Yes. We expect it to include the value of zero because we are not rejecting the null hypothesis. This means that within our confidence interval, we expect to see zero.
### 5.32 Fuel effciency of manual and automatic cars
Each year the US Environmental Protection Agency (EPA) releases fuel economy data on cars manufactured in that year. Below are summary statistics on fuel effciency (in miles/gallon) from random samples of cars with manual and automatic transmissions manufactured in 2012. Do these data provide strong evidence of a diffrence between the average fuel ecffiency of cars with manual and automatic transmissions in terms of their average city mileage? Assume that conditions for inference are satisfied.
We will use the following hypothesis
H0: The difference in fuel effciency = 0
H1: The difference in fuel efficiency is != 0
```{r}
mileage <- matrix(c(16.12, 19.85, 3.58, 4.41, 26, 26), nrow = 3, ncol = 2, byrow = TRUE)
colnames(mileage) <- c("Automatic", "Manual")
rownames(mileage) <- c("Mean", "SD", "n")
mileage
mean_diff<- mileage[1,1] - mileage[1,2]
paste("The mean difference is: ", mean_diff)
SE <- sqrt((mileage[2,1]^2/mileage[3,1])+(mileage[2,2]^2/mileage[3,2]))
paste("The SE is: ", round(SE),4)
t <- mean_diff/SE
paste("The t value is: ", round(abs(t),4))
p_times2 <- round(2*pt(abs(t), df=mileage[3,1]-1, lower.tail = FALSE),4)
paste("The p-value is: ",p_times2)
```
Since the p value is less than 0.05, we can reject the null hypothesis.
### 5.48 Work hours and education
The General Social Survey collects data on demographics, education, and work, among many other characteristics of US residents.47 Using ANOVA, we can consider educational attainment levels for all 1,172 respondents at once. Below are the distributions of hours worked by educational attainment and relevant summary statistics that will be helpful in carrying out this analysis.

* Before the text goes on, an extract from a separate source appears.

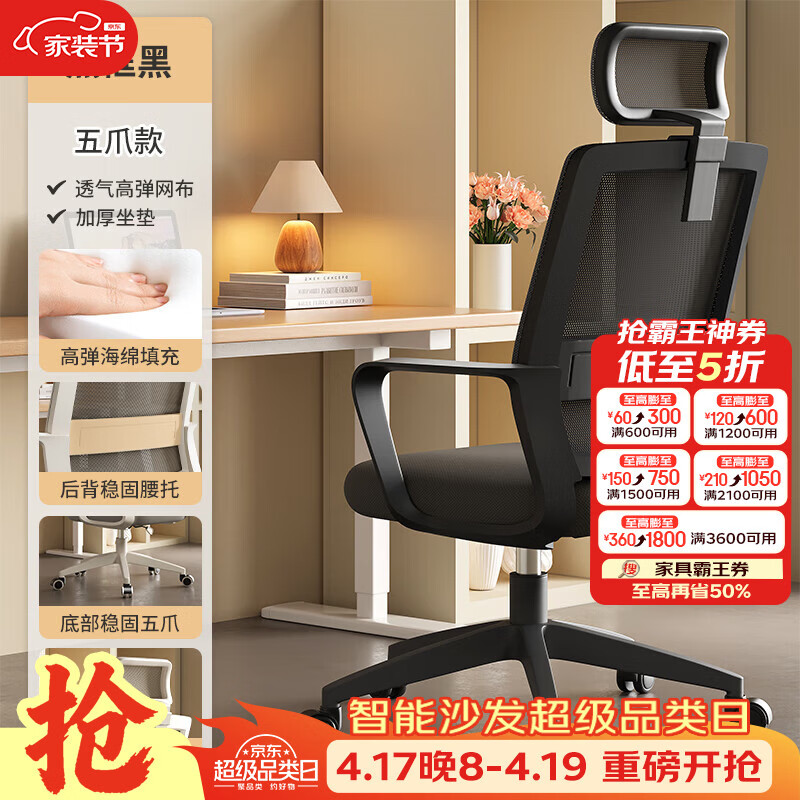 树浩电脑椅办公椅子舒适久坐靠背椅宿舍卧室学习座椅弓形电竞椅写字椅 【滑轮头枕】海绵+尼龙脚-黑框黑
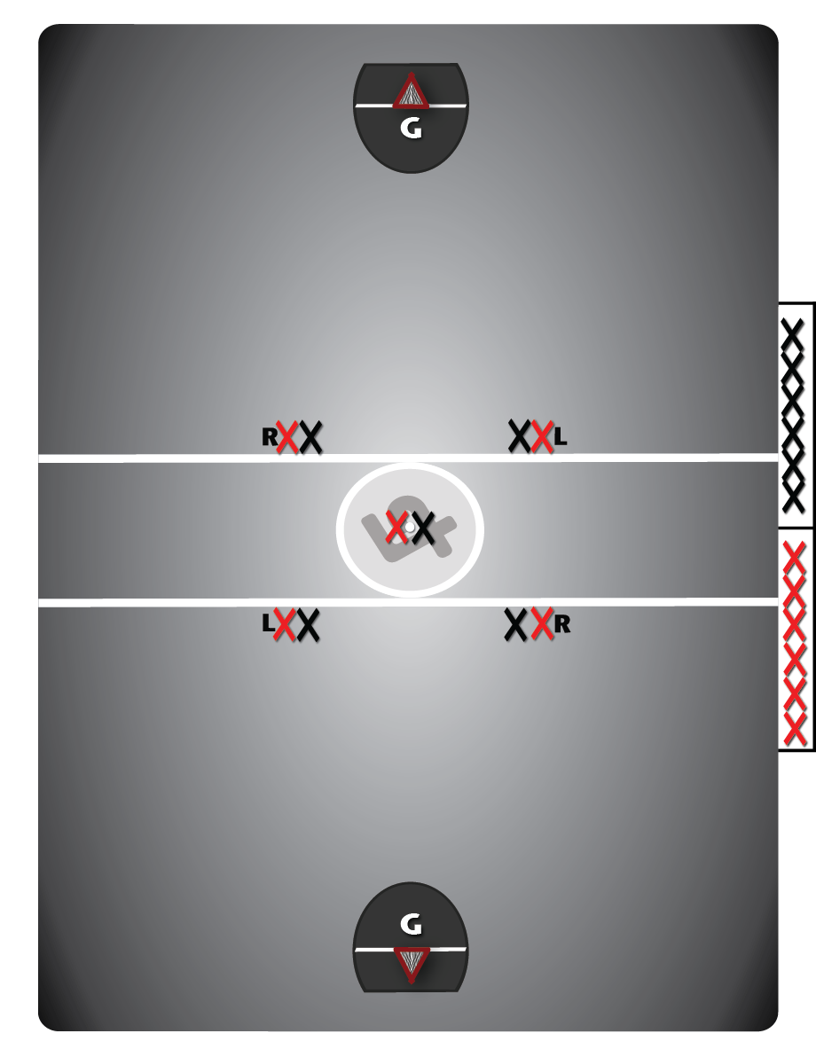 - This is a basic offensively oriented face-off set up, with 2 defenders on the defensive restraining line and two offensive players on the offensive side restraining line; all players having a set responsibility.

(a) Write hypotheses for evaluating whether the average number of hours worked varies across the five groups.
H0: The Avg hours worked is the same for all educational attainment levels
H1: The Avg hours worked is different for at least one pair
(b) Check conditions and describe any assumptions you must make to proceed with the test.
I am assuming the following conditions:
1. Independence
2. the data is approximately normal for all groups
3. The variance is constant between groups, or fairly equal.
(c) Below is part of the output associated with this test. Fill in the empty cells.
```{r}
# total groups -1 (dfg)
degree <- (5 -1)
paste("The degress are: ", degree)
# residuals n - k dfe
residuals <- 1172 - 5
paste("The residuals are: ", residuals)
# total dfT
dft <- residuals + degree
paste("The total degrees of freedom are: ",dft)
# SSG (Sum Sq)
x <- 40.45
SSG <- k<-(121*(38.67-x)^2)+(546*(39.6-x)^2)+(97*(41.39-x)^2)+(253*(42.55-x)^2)+(155*(40.85-x)^2)
paste("The Sum Sq is: ", round(SSG,2))
# Total Error
#SSG + 267382
paste("The total error is Sum sQ: ", round(SSG + 267382,2))
# mean sq group
MSG <- SSG / degree
paste("The MSG is: ", round(SSG/degree,2))
# MSE SSE/dfe
SSE <- 267382
MSG<-SSG/degree
MSE<-SSE/residuals
paste("MSE is: ", round(MSE,2))
f.value <- MSG/MSE
paste("The F Value is: ",round(f.value,2))
```
(d) What is the conclusion of the test?
Using a significance of .05. We see that the P value is greater than our value. Therefore, we do not reject the null hypothesis since the varation between groups can be due to chance in variablity.